I'm guessing ...both OrwellsIain BanksKunderaHornbyBukowskiDavid NobbsHamperNow I'm getting stuck ...D H Lawrence?John Healy?McEwan? Greene?I'll go for McEwan!Rob
You got six. That's a pass. ;-)
Wait up; just realised I've read ten of the books listed.
Ah well, not too bad!I've read six of them -both Orwells, Kundera, Healy (after the excellent BBC version of it), Bukowski, and the Patrick Hamilton one.
It's a fix! Er, but congrats on hitting ten of 'em
Okay - My guesses:Both OrwellsHornbyBanksGreeneBukowskiChristopherHamperPerecWyndham
The ten are:- Ben Hamper's Rivethead (because of Roger and Me)- Iain Banks's Espedair Street (didn't rate it at the time. maybe a re-read for 2011?)- Orwell's 'Down and Out in Paris & London (for sheer readibility, my favourite Orwell book)- Hornby's High Fidelity (I love Frears film adaptation but I wish they'd do the remake set in London.)- Orwell's 'Keep The Aspidistra Flying' (re-reading now after a 20 year gap.

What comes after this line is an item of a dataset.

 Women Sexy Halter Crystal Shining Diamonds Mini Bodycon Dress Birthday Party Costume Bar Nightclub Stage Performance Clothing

Better than I remember.)- John Healy's 'Grass Arena' (I also remember the BBC's adaptation but I'm sure I read the book first. Bought it in an excellent bookshop on Charing Cross Road which always had a nice line in remaindered Faber & Faber books. I prefer the book over the tv adaptation, tbh. Not because I read the book first but because Mark Rylance is one of those actors who annoy the hell out of me. File him alongside Hopkins and McKellern.)- DH Lawrence's 'Sons and Lawrence' (read one Christmas inbetween stacking shelves at the Watford branch of Woolworths . For a short two weeks, Pick and Mix became Steal and Scoff.)- Patrick Hamilton's 'Hangover Square' (Another one pencilled in for a re-read.)- Solzhenitsyn's 'One Day' (Just so I could say I've read some Solzhenitsyn. Of course, I plumped for the short version of Solzhenitsyn.)- Bukowski's 'Post Office' (I love Bukowski's misanthropy and I'm not embarrassed to admit it.)I have read other books by Kundera, Greene, McEwan, Armitage and Nobbs but not the one's profiled in the pic..I feel a book meme coming on.

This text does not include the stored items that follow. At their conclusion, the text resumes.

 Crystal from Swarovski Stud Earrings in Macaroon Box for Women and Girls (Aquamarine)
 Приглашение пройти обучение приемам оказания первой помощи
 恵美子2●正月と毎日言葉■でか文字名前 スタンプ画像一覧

Glad you like the Hamilton book. (Unless you're planning a re-read to confirm your hatred for it!).I'd never heard of him til I read a Guardian article on him, and then read 'Hangover Square'. Didn't think so much of his 'Slaves of Solitude' mind ...
I've only read two of them, Hangover Square and Post Office. And if my memory serves, I'm sure Robert must be wrong about Slaves of Solitude – I thought it was better than Hangover if anything...

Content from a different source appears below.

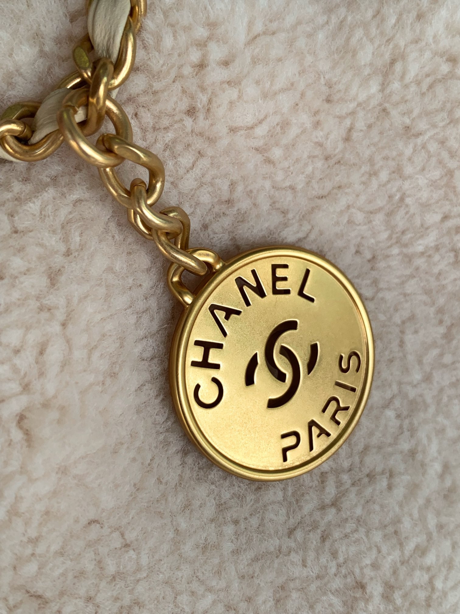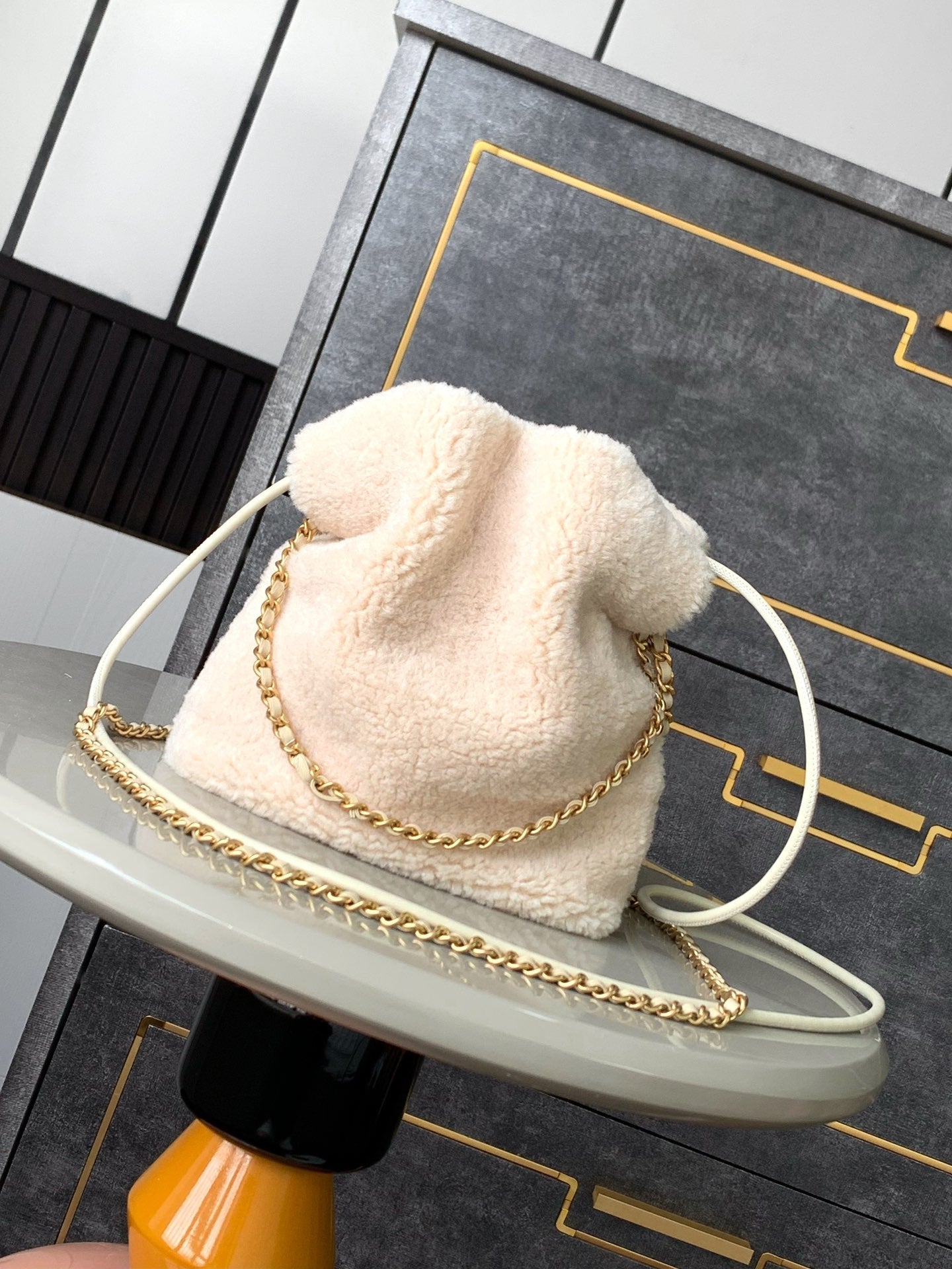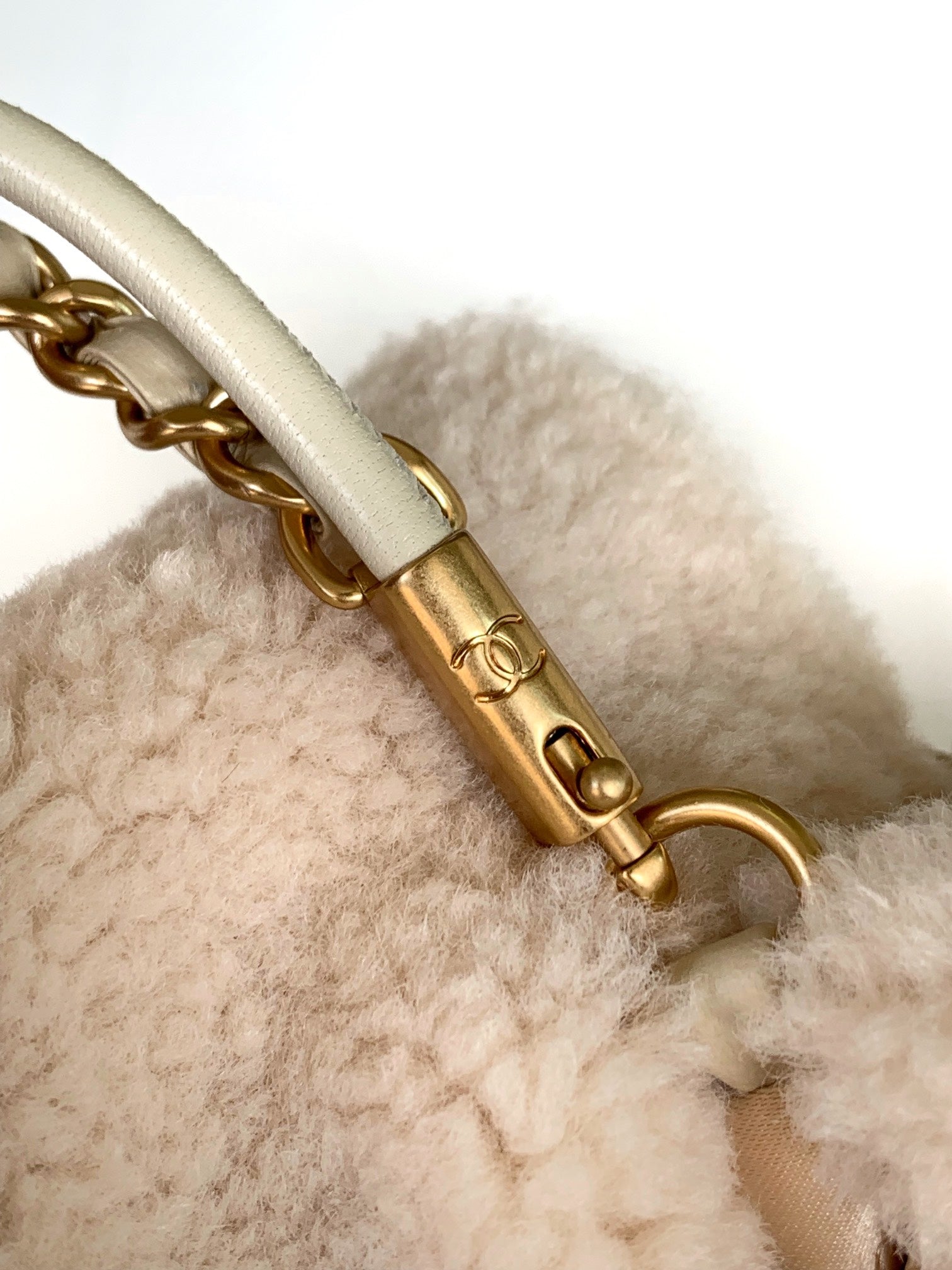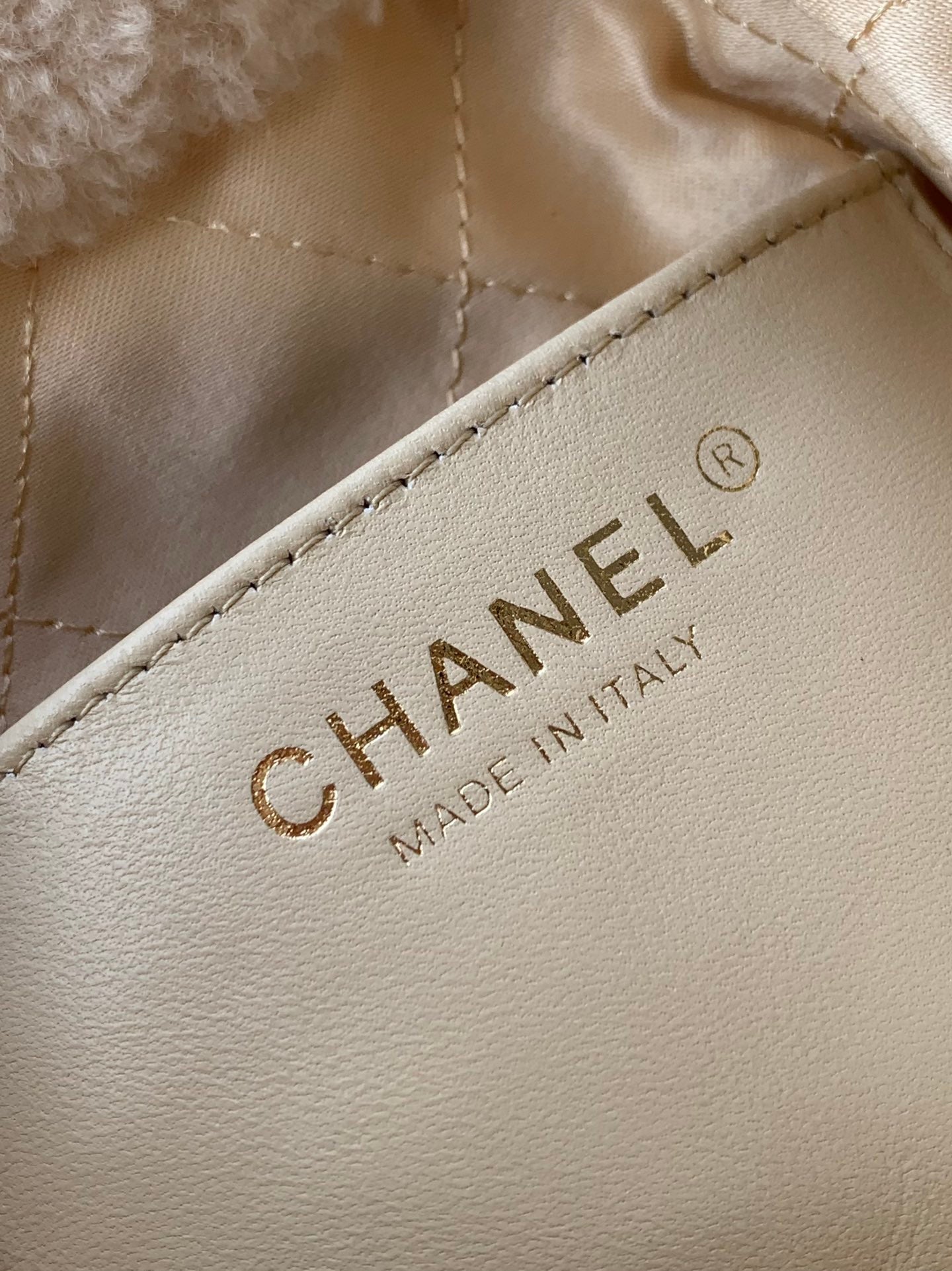 CHANEL BAG 25S 20 CM IN CREAM WHITE WOOL WITH GOLD HARDWARE

Sorry Robert but I'm with Stuart on this one. I really liked Slaves of Solitude. West Pier's another great Hamilton novel.
Oh well, the weight of peer pressure suggests I might have to re-read/re-consider 'Slaves of Solitude' ;>)
SPGB peer pressure wins out again. ;-)
He shoots, he scores! I've read precisely none of them. Get in.
H,I would have pegged you for a teenage Orwell fan. I thought all us sad sacks on the ultra left in our late thirties and early thirties were.
Ye, I've read Orwell - just not that one - and I am a fan. Same with some of the other authors. Does that still make me a 'sad sack'? :)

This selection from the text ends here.